● **LISTED RECORDS**:
------------------------------------------------------------

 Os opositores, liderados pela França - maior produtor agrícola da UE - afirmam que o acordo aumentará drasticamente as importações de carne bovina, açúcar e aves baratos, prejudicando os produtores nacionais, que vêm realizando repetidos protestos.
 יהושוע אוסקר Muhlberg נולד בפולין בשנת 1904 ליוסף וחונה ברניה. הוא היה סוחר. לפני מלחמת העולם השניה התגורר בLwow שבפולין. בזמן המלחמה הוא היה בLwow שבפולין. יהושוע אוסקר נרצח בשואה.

------------------------------------------------------------

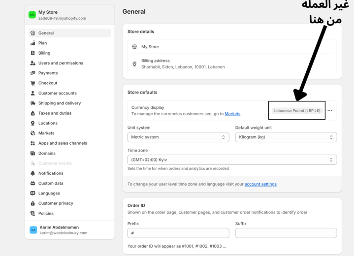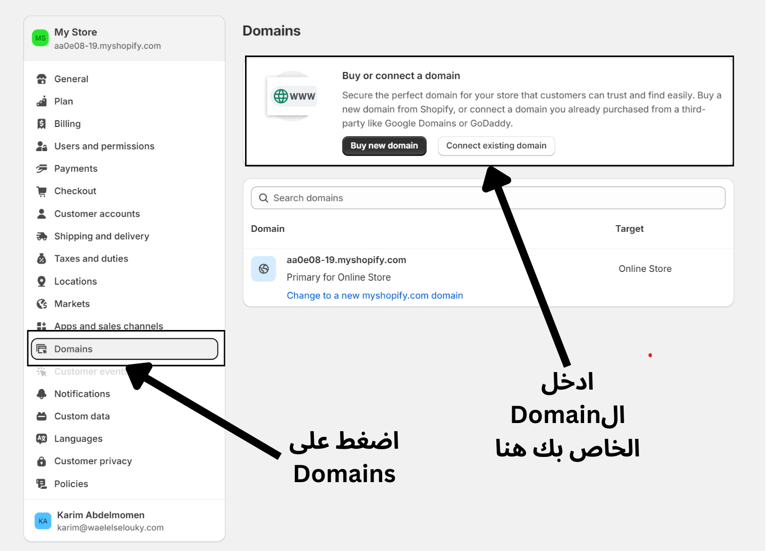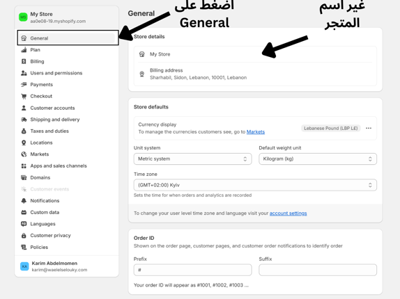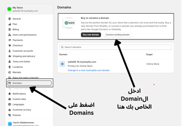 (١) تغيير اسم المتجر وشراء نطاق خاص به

------------------------------------------------------------

● **TRY IT**: In the entries above, one line contains "Os opositores, liderados" and another contains "יהושוע אוסקר Muhlberg". Reproduce exactly those two lines and the lines between them, nothing else.

● **RESPONSE TO THE TASK**:
 Os opositores, liderados pela França - maior produtor agrícola da UE - afirmam que o acordo aumentará drasticamente as importações de carne bovina, açúcar e aves baratos, prejudicando os produtores nacionais, que vêm realizando repetidos protestos.
 יהושוע אוסקר Muhlberg נולד בפולין בשנת 1904 ליוסף וחונה ברניה. הוא היה סוחר. לפני מלחמת העולם השניה התגורר בLwow שבפולין. בזמן המלחמה הוא היה בLwow שבפולין. יהושוע אוסקר נרצח בשואה.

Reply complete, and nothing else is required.